Born Survivors would be an extraordinary book if it was the story of just one mother who gave birth in a Nazi concentration camp during the second world war. But it’s not. It’s the story of three mothers. Priska, Rachel and Anka. Who each had their babies whilst trying to evade death and face the loss of their freedom and the lives they knew. How they somehow managed to hide their pregnancies from the SS including Josef Mengele, the Angel of Death at Auschwitz II-Birkenau. And that all three ended up at the same camp but knew nothing of one another.
Wendy Holden spares no detail in the stories of the women. None. She’s put together a quite remarkable book on how Priska, Rachel and Anka each with their own incredible strength went from living in harmony with their friends and family, to being starved and beaten whilst led amongst the corpses of their fellow prisoners. The Holocaust was not place that a baby was meant to survive. They avoided gas chambers, being shot, dying from diseases such as typhus and dysentery. Men dragged from their wives, children and elderley taken from their families without having any idea that they would never see them again.
How even when they were taken to work in a munitions factory, they prayed that they would be bombed so that not only would their own ordeal be over, but that it would take the lives of their captors too.
Really, they were only saved by the Zyklon-B gas having run out just a day before they finally arrived at the horrific Mauthausen camp in Austria, which was liberated soon after by an American troop.
Every bit of blood, sweat and tears shed by the mothers is on these pages. Interspersed with the pictures of those they loved and those who helped them.

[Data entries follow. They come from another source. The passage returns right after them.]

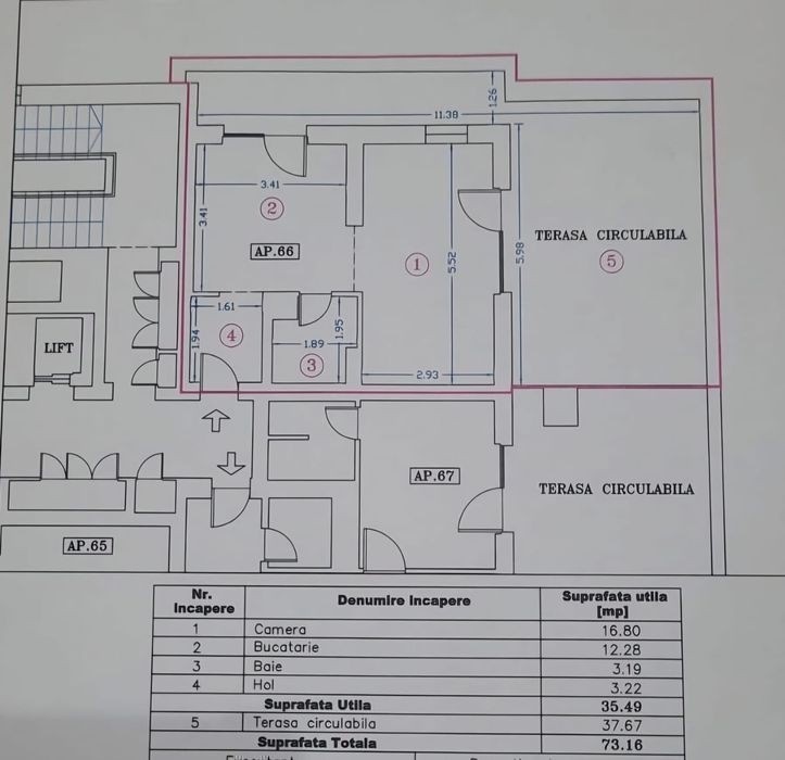 Vand studio penthouse situat in cadrul Ansamblului Rezidential Ten Blocks cu deschidere la Bd. Preciziei nr. 6M si Bdul Iuliu Maniu 109, la 2 minute de statia de metrou Pacii. Apartamentul face parte dintr-un ansamblu de 10 blocuri cu regim de inaltime P+8, situat la etajul 8, fiind considerat un imobil de lux. Suprafata utila este de 35,5 mp, distributia camerelor fiind conform releveului atasat, la care se adauga teresa de 37,67 mp avand un total de 73,16 mp. Studioul se vinde mobilat si utilat complet, inclusiv aparat de aer conditionat si este ideal pentru investitie oferind un randament de min. 6%. Ansamblul dispune de spatii verzi, camere video, acces securizat, paza permanenta la intrare, acesta fiind foarte bine organizat si intretinut. Optional se poate vinde si loc de parcare suprateran la pretul de 10.000 eur. Se poate incheia direct contract de vanzare-cumparare, fara sa existe ipoteci/credite notate asupra imobilului. Telefon contact:
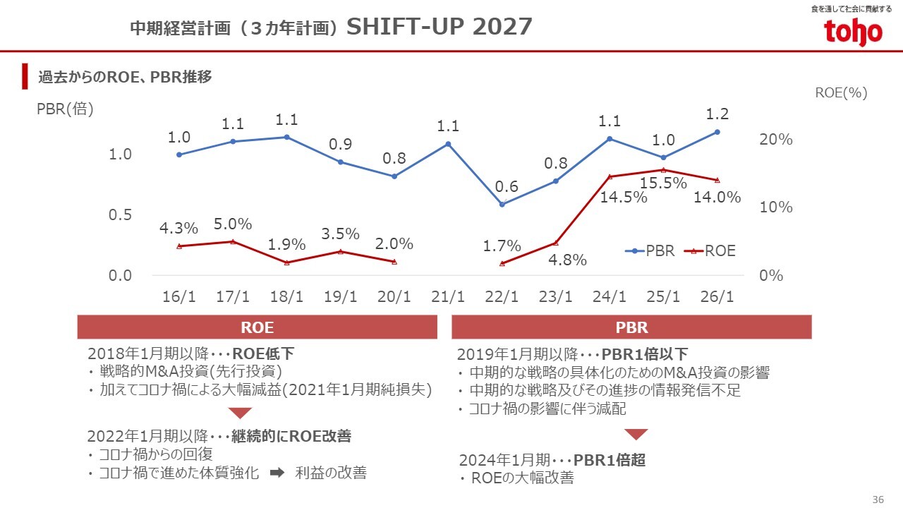本中期経営計画ではROE10パーセント以上、PBR1.0倍以上を目標に掲げており、直近の2026年1月期はROE14パーセント、PBR1.2倍ということで、このまま進めば目標をクリアできそうな状況です。
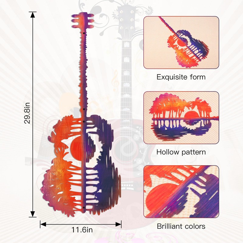 - Unique Design: This music wall art decor equipped with the pattern of sunset, and the reflected water surface and the scenery on the shore skillfully form the pattern of guitar. Whether it is placed as an ornament in a music studio or hung on the bedroom wall, it can add a strong artistic atmosphere and musical atmosphere to the environment.
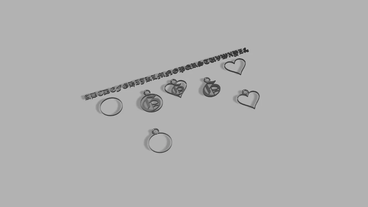 Trang sức tùy chỉnh sử dụng font "Gothic" (Old English Text MT) định dạng .stl để tự làm trang sức. Có sẵn hình trái tim, hình tròn và torus để làm phụ kiện móc nối.
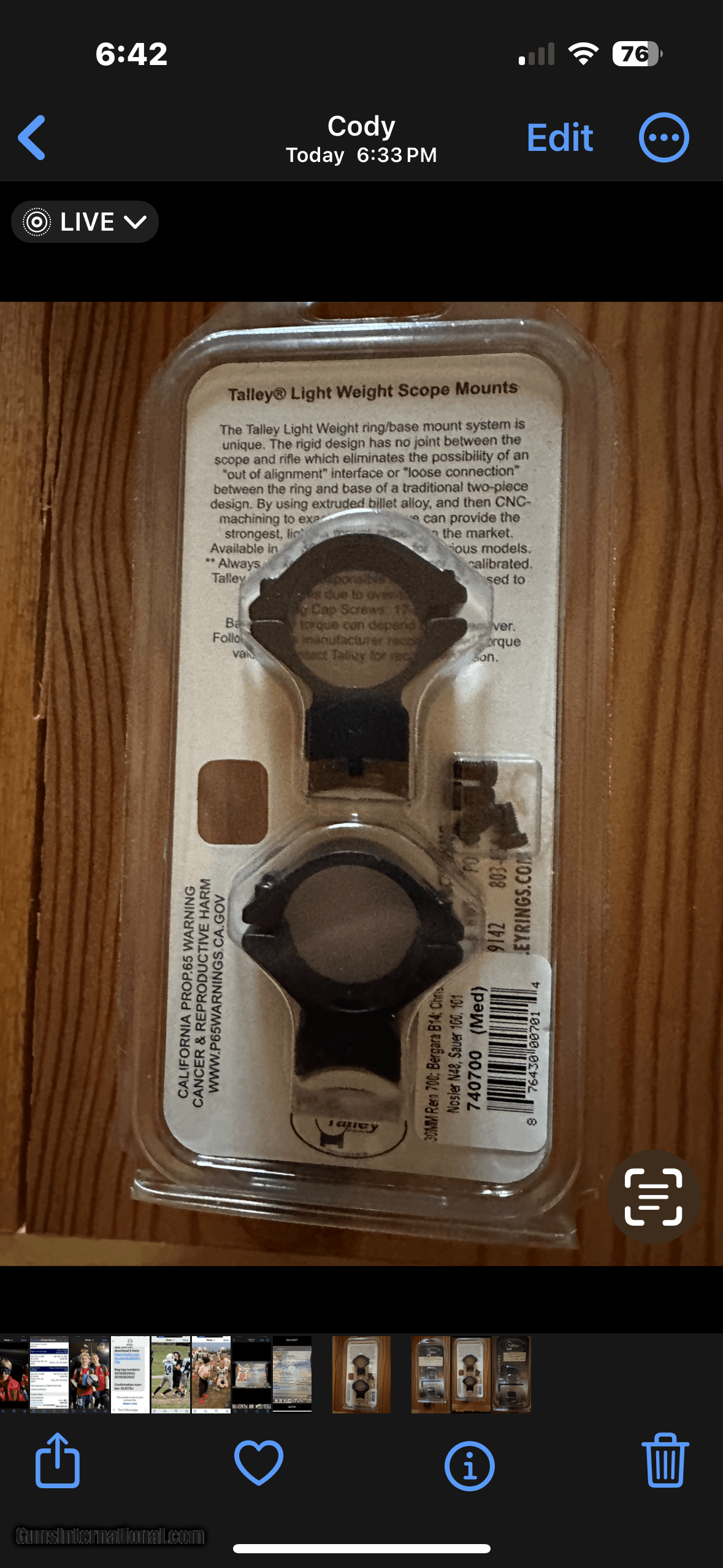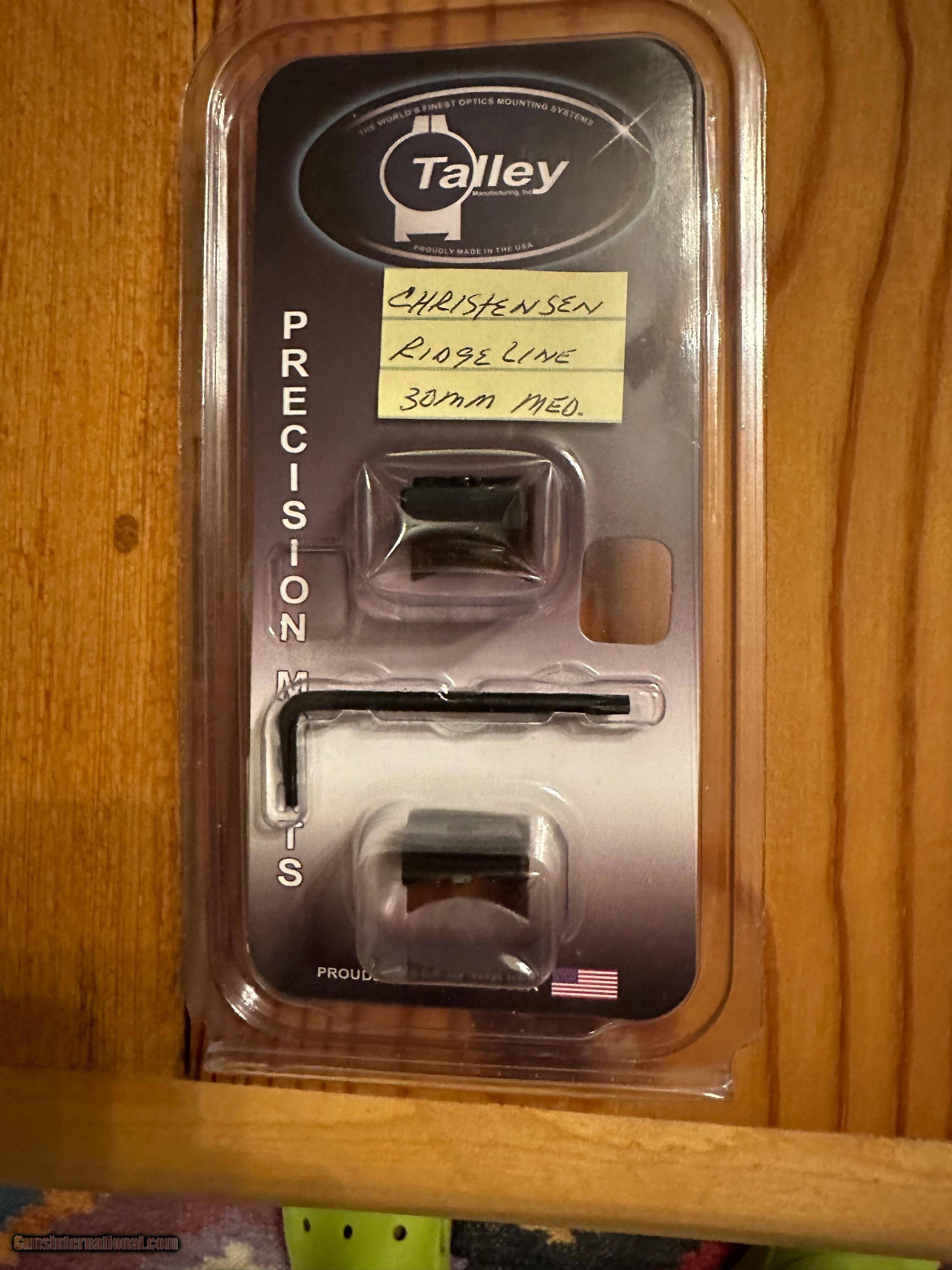Description: Talley Mounts for Christensen Ridge Line 30 mm medium sku number 740700.like new. Shipping $5.00 SOLD |
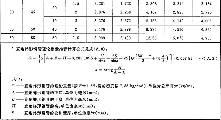 表A.6 直角梯形钢管的尺寸、理论重量和物理参数
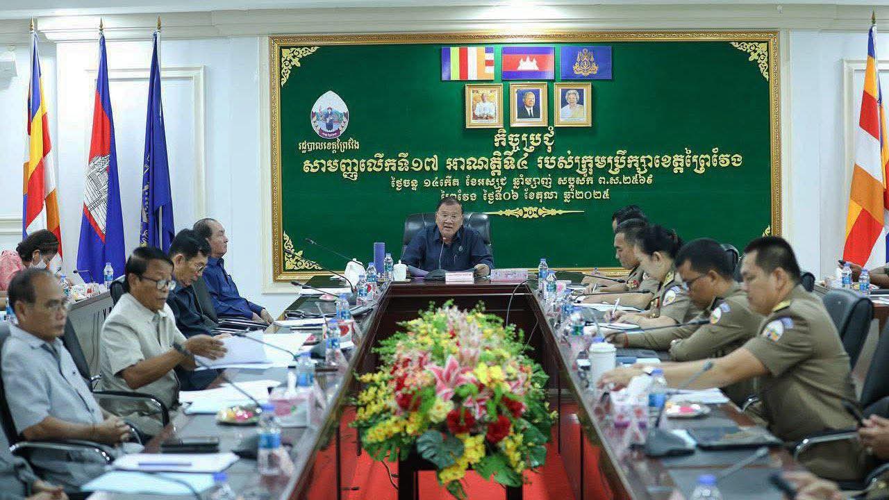(ព្រៃវែង) :ព្រឹកថ្ងៃទី០៦ ខែតុលា ឆ្នាំ២០២៥ ឯកឧត្ដម ស្បោង សារ៉ាត ប្រធានក្រុមប្រឹក្សាខេត្ត និងលោក ហុី ធួក អភិបាលរងខេត្ត តំណាងដ៏ខ្ពង់ខ្ពស់ ឯកឧត្តម សួន សុម៉ាលីន អភិបាល នៃគណៈអភិបាលខេត្តព្រៃវែង បានអញ្ជើញដឹកនាំកិច្ចប្រជុំសាមញ្ញលើកទី១៧ អាណត្តិទី៤ របស់ក្រុមប្រឹក្សាខេត្តព្រៃវែង នៅសាលាខេត្តព្រៃវែង។
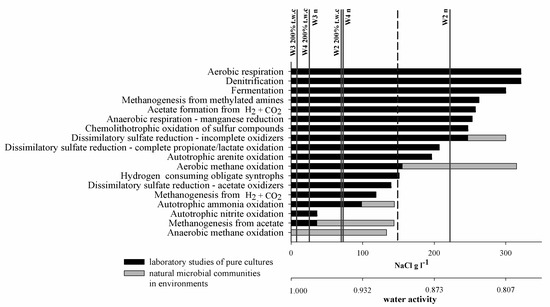 Approximate upper salt concentration limits for the occurrence of selected microbial processes. Dashed line represents 2.5 M NaCl cut-off for extreme halophiles (adapted from Oren [51,52]). Vertical lines represent NaCl concentration in natural moisture samples (W2n–W4n) and in 200% t.w.c. samples (W2200%t.w.c–W4200%t.w.c) (current study).
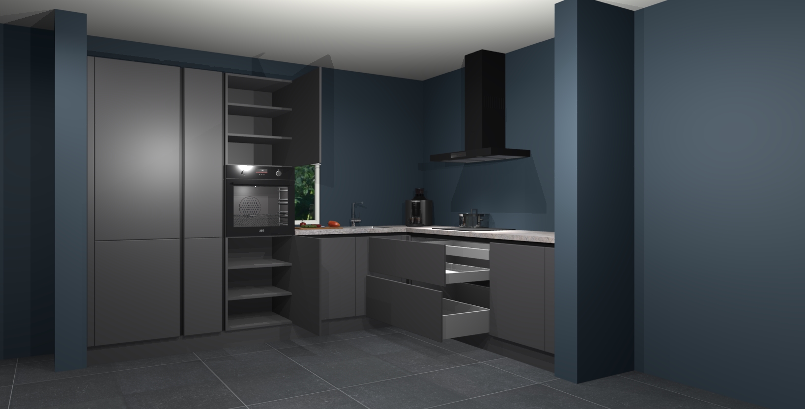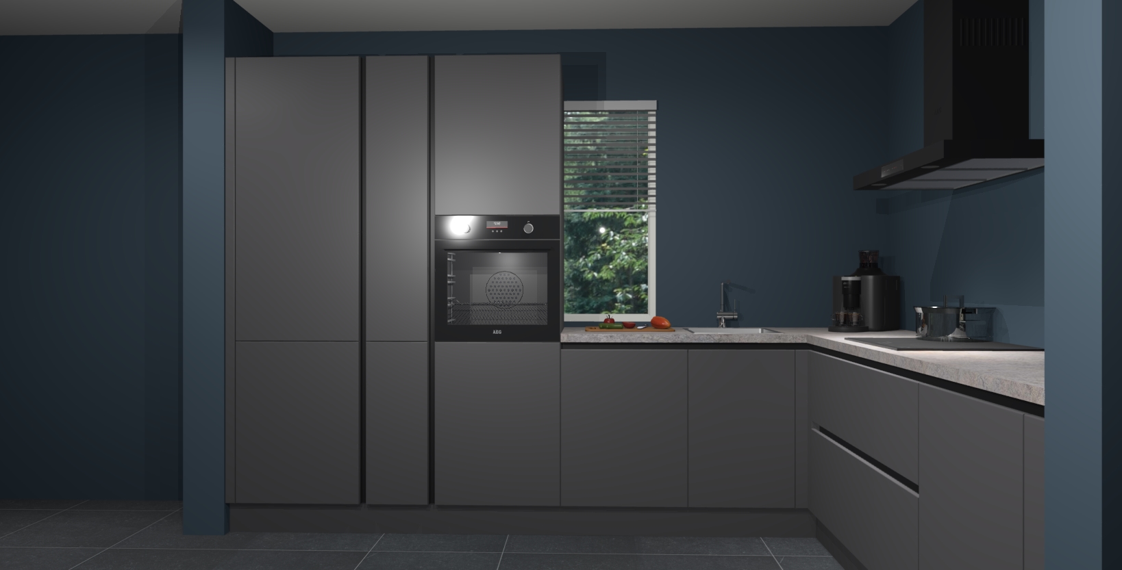 Met een modern, tijdloos design en ruime opslagruimte, zult u zich in no-time thuis voelen in uw nieuwe keuken. Uw leven wordt eenvoudiger met de soft-close deuren die voor het ultieme stille comfort zorgen - geen geluid dat u stoort terwijl u kookt. Ook is de keuken voorzien van 5 ingebouwde apparaten: een oven, inductie kookplaat, afzuigkap, vaatwasser en koelkast. Deze kunnen gemakkelijk na bestelling worden bijgewerkt naar AEG - waardoor uw luxe ervaring compleet is.
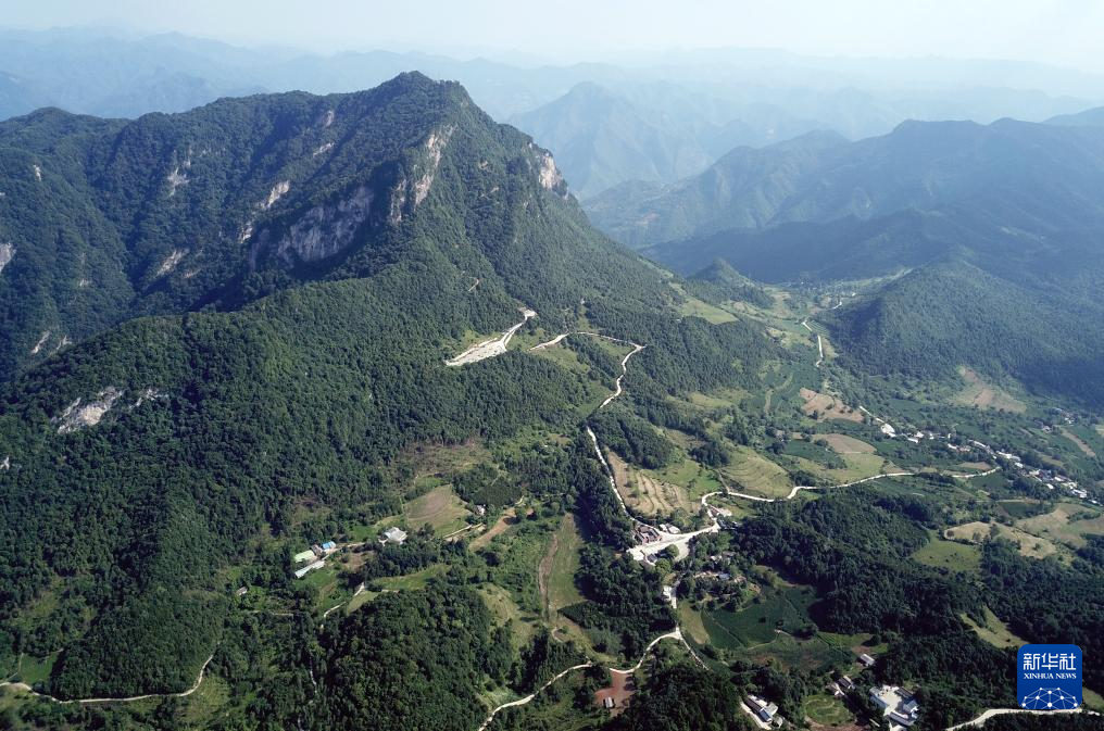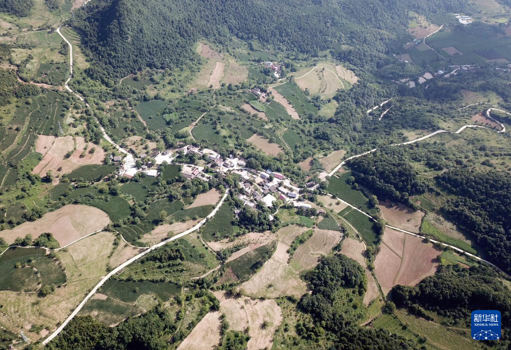 7月14日拍攝的青泥嶺上的村莊和鄉(xiāng)村道路(無(wú)人機(jī)照片)。新華社記者 馬寧 攝
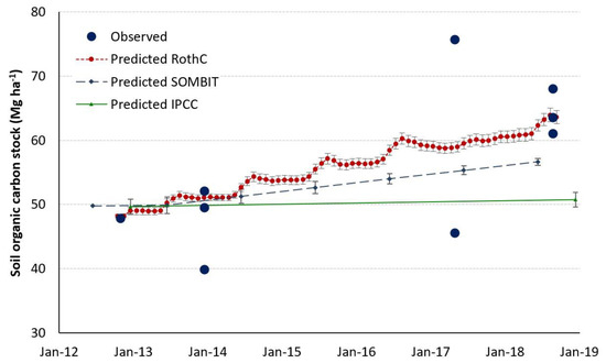 In S0, SOCS predicted by SOMBIT and RothC decreased, on average, by 267 ± 14 and 61 ± 0.3 kg C ha−1 per year. These findings are consistent with a decrease observed by Mazzoncini et al. [94] in a 28-years trial in similar conditions. Contrariwise, in S1, SOCS predicted by SOMBIT and RothC increased in average by 905 ± 110 and 1009 ± 53 kg C ha−1 per year, respectively. The higher increase occurred in the last year of CAR cultivation for both models when, at explant, all roots were left in the soil.
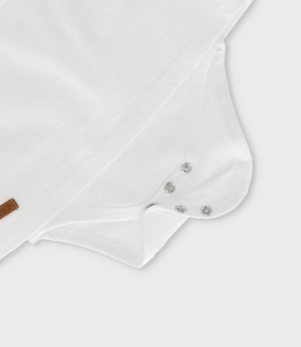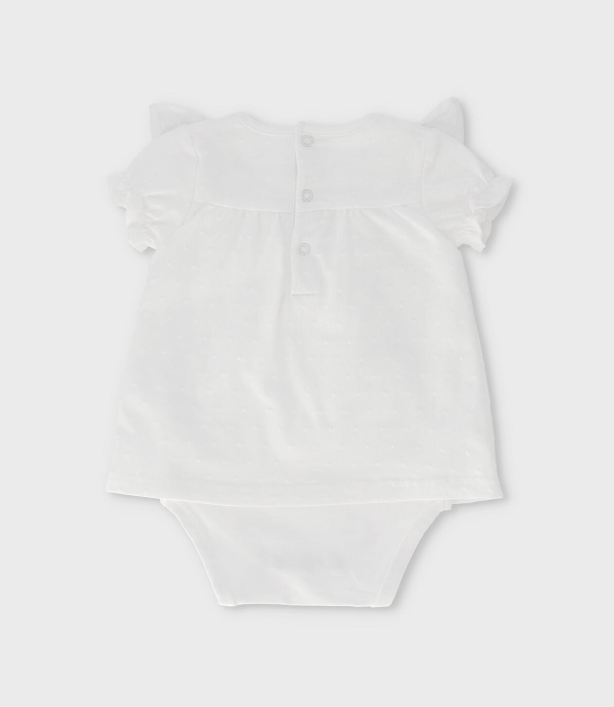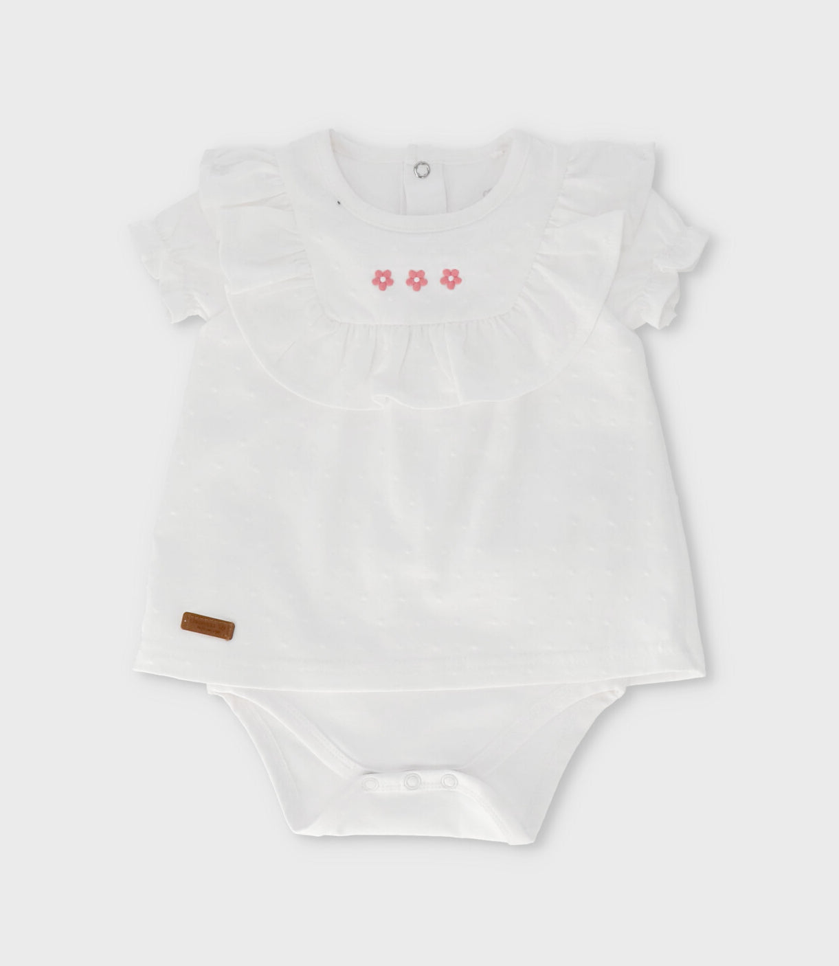 Nuestro body manga corta con vuelos es ideal para acompañar a tu recién nacida en sus primeros días con total comodidad. Confeccionado en jersey y 97% algodón, 3% elastano, su diseño con botones a presión entrega suavidad, libertad de movimiento y practicidad para cambios de ropa. Una prenda básica y funcional que no puede faltar en climas más cálidos.

What’s extra magical about Born Survivors is that the three babies, Hana, Mark and Eva, end up meeting with one another much later in life, and quite unexpectedly, automatically feel an incredible bond. Because even though they have no actual memory of the camp, they have it in common and bear the scars of what happened to them and their mothers both externally and internally.
Three little miracles. In the most horrific of circumstances. Without their strong mothers, they would not have made it into this world.
Born Survivors was originally released in 2015 but now being released as a special edition in commemoration of 75 years since the end of the war, I would recommend adding it to your tbr pile as soon as possible if you haven’t already read it. Published by Sphere (r.r.p. £8.99) Paperback & eBook and Audiobook available.

Thank you to Sphere for letting me take part in this blog tour and for providing a copy of the book.